Desde  su perspectiva, el indicio que surge de la anotada constancia lejos  de desvirtuar la convivencia marital, la corrobora, pues «[l]a  regla general es que quien no viva o no resida allí, le es  restringido acceder al conjunto y de ello, ante la obviedad, sobraba  cualquier constancia en portería. La prohibición,  entonces, es excepcional y se predica de alguien que, por cualquier  circunstancia, frecuentaba el lugar, pero que no figuraba como  propietario de ninguna unidad. Si el poder de disposición de  la heredad no estaba en cabeza del pretensor, la comentada  restricción de ingreso no podía entenderse como no  convivencia marital. Asociado el hecho con la discusión, debía  seguirse que el actor sí vivía allí, solo que,  al margen de los motivos personales, la demandada decidió  expulsarlo. El indicio, en lugar de desvirtuar la unión  marital, la acredita, inclusive hasta “finales” de mayo  de 2020, como lo concluyó el a-quo».  

            

b. El          interrogatorio de parte por él absuelto, porque, en torno a          él, el Colegiado sólo tomó «en          cuenta respuestas que, supuestamente le generaban efectos adversos o          que favorecían a Yexy Alexandra García Córdoba»,          pues,          contrariando la realidad, entendió que él había          afirmado que la cohabitación inició «desde          el mismo momento en que se conocieron, [pero]          posteriormente [dijo]          que desde el 1º de diciembre», cuando          lo que él contestó fue que          «la conoció y “quedamos de salir, quedamos como          amigos (…)          tuvimos relaciones, ese día comenzó la relación          de noviazgo (…),          la conocí antes de irnos a vivir”», luego,          quedó claro que «fue          un día distinto a cuando las partes se conocieron que          empezaron a vivir».  

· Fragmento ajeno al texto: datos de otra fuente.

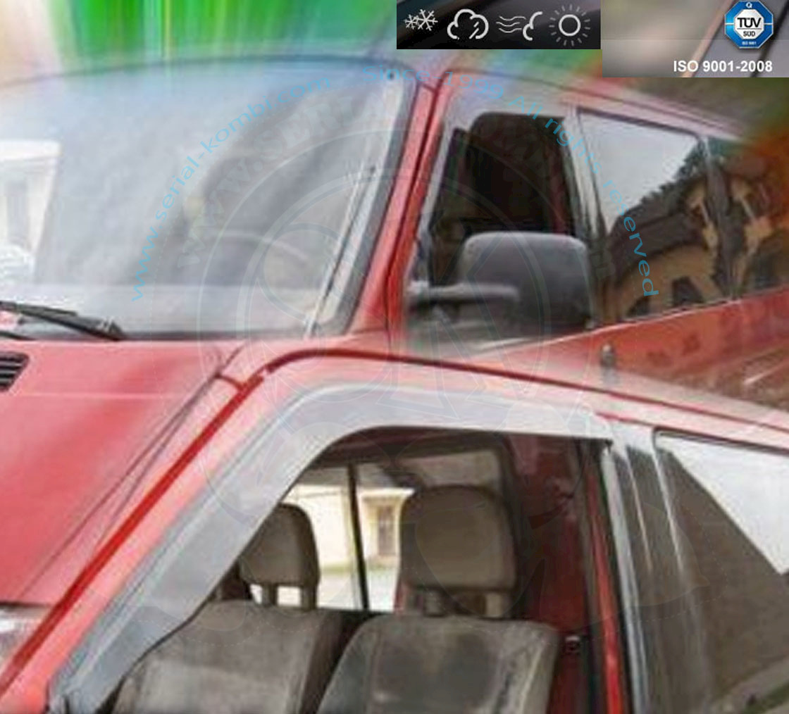 Deflectores de aire y antilluvia de puertas delanteras, en plástico ahumado y autoadhesivo, el par T4 9/1990-6/2003 apto para levantavidrios eléctricos

El sentenciador  agregó, por otra parte, «expresiones  que él no dijo y por esa senda tergiversó la prueba»,  por  cuanto, tampoco es cierto que haya admitido «que  Yexy Alexandra salía con otras personas (…)  en Yopal todo el mundo lo sabía”», entendimiento  del cual derivó una  «“discusión  [sobre]  si era un problema de infidelidad o simplemente no existía la  singularidad», cuando  lo que él admitió fue que su pareja tenía  relaciones con «otras  personas»,  mas no «distinguió  si eran profesionales, laborales, sentimentales o maritales».  

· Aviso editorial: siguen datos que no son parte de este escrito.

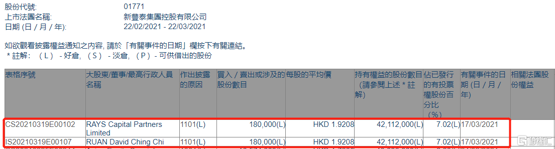 格隆匯APP獲悉,根據聯交所最新權益披露資料顯示,2021年3月17日,新豐泰集團(01771.HK)獲RAYS Capital Partners Limited或其一致行動人在場內以每股均價1.9208港元增持18萬股,涉資約34.6萬港元。
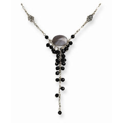 Sterling Silver Lace Agate & Black Crystal Necklace

Con todo, de  haberse referido a infidelidades, tratos de esa índole no  desconfiguraban la relación marital, «en  tanto, lo único que neutralizaba el requisito de singularidad  era una convivencia simultánea de la misma naturaleza (Cfr.  CSJ, Sala Civil, SC3466-2020, 21 de agosto)» y  él «no  aceptó que él o ella, a la par, tuvieran otra unión  marital».  

En el mismo  sentido, la diligencia en comento fue deformada al establecer que él  había manifestado que la terminación de la convivencia  «fue  por “su culpa”»  contrariando  «lo  consignado en la demanda»,  cuando lo que en verdad respondió fue que «habían  “varias situaciones (…)  por causa mía (…),  había muchos problemas” (minuto 53, audiencia inicial).  Es más, adelante reiteró que (…)  ella es muy soberbia (…)  yo me cans[é]  y terminé la relación por eso”», lo  que demuestra, dice el inconforme, que la autoridad decisora «no  solo adicionó el contenido intrínseco del  interrogatorio, sino que no tuvo en cuenta las explicaciones de la  separación definitiva»,  obviando  el «contexto  inescindible»  de  sus afirmaciones (art. 196 CGP).  

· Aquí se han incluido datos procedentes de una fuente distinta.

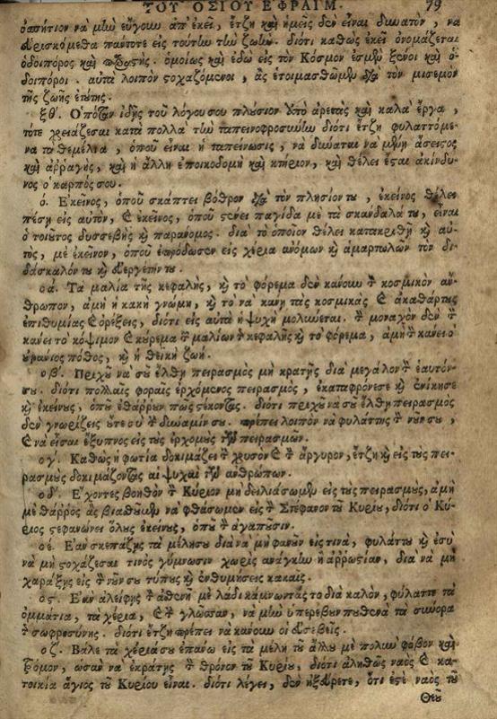 Ἐφραὶμ ὁ Σύρος. Λόγοι καὶ παραινέσεις... μεταγλωττισθέντες παρ᾽ Ἱεροθέου Ἱερομονάχου Ἰβηρίτου..., Βενετία, Ἀντώνιος Βόρτολις, 1721.
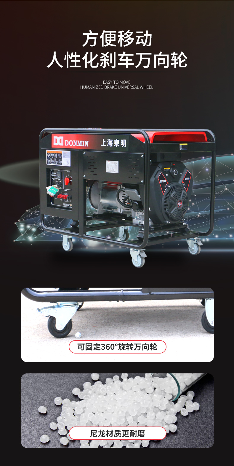 其實當初采購這款發電機時,我們對比了不少品牌,最終被上海東明二十多年的源頭制造實力和產品適配性打動。這款DMDS18000CXD是15kw級汽油發電機,專為應急搶修、戶外作業等場景設計,機身配備萬向移動輪,兩名工作人員輕輕一推就能移動,很快就能送達供電點位,無需費力搬運大型設備,為排澇爭取了寶貴時間。
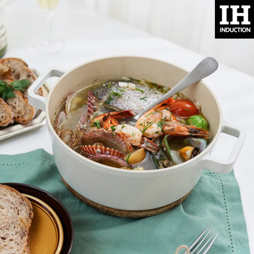 Energy Efficient: Lightweight cast aluminum with excellent heat conductivity. Heats food quickly and evenly, reducing energy consumption. Compatible with induction, electric, radiant, and gas stovetops.

Por último,  se trastocó su atestación al argüir que él  no puso de presente «que  el “padre de los niños tenía un apartamento en  Yopal y venía a visitarlos”»,  cuando él sí informó «que  el padre biológico, con quien tenía buena relación  profesional, cuidaba y visitaba su prole, al punto de concordar el  Tribunal con que el inquirido dijo que los “niños se  quedaban con el papá o con los abuelos”», luego  entonces, alegó, el memorado colofón es contraevidente.  

Al respecto,  precisó que únicamente se pronunció sobre los  aspectos que le fueron indagados, pero, en manera alguna se negó  a contestar ni dio respuestas evasivas, de modo que el juzgador  «supuso  que (…)  había sido reticente, equívoco o fuera de lugar»  (inc.  6º, art. 203 CGP).  

            

c. La          demanda, porque «al          valerse de los adjetivos “mediados” y “finales”,          recortó su alcance»,          en tanto desconoció que la unión marital incoada          «estaba          ligada a un año y mes específico, diciembre de 2013 y          mayo de 2020» y,          además, porque se omitió que          «la          declaración no solo se circunscribió a un marco          temporal concreto, sino también, en subsidio, entre las          “fechas que se prueben”», de          manera que la revocatoria del fallo de primer grado          «por no haberse acreditado el inicio y fin de la unión          marital entre los límites señalados en el escrito          genitor» desatendió          que por tratarse de un estado civil, era «dable          declararla conforme a lo probado»          (art.          281, par. 1º CGP).  

            

d. Aunque          el sentenciador dedujo, de forma acertada, que los testigos Harold          Jesús Vargas Medina y Juan Antonio Archila Mesa corroboraron          «la          existencia de la unión marital»,          desestimó esas declaraciones porque, el primero solo estuvo          «en          Reservas del Samán, cuando el mismo demandante ha dicho que          previamente estuvieron viviendo en Cedritos y en la casa de la mamá”          y era ilógico que siendo amigos no haya sabido o estado en          esos lugares»; y          el segundo, por haber indicado «que          las partes convivieron en el “conjunto” Caminos de          Sirivana, hasta cuando se le precisó sobre el nombre de la          urbanización y se le requirió para que mirara la          cámara. Además, por haber vivido mucho tiempo en          Puerto Boyacá y no en Yopal».  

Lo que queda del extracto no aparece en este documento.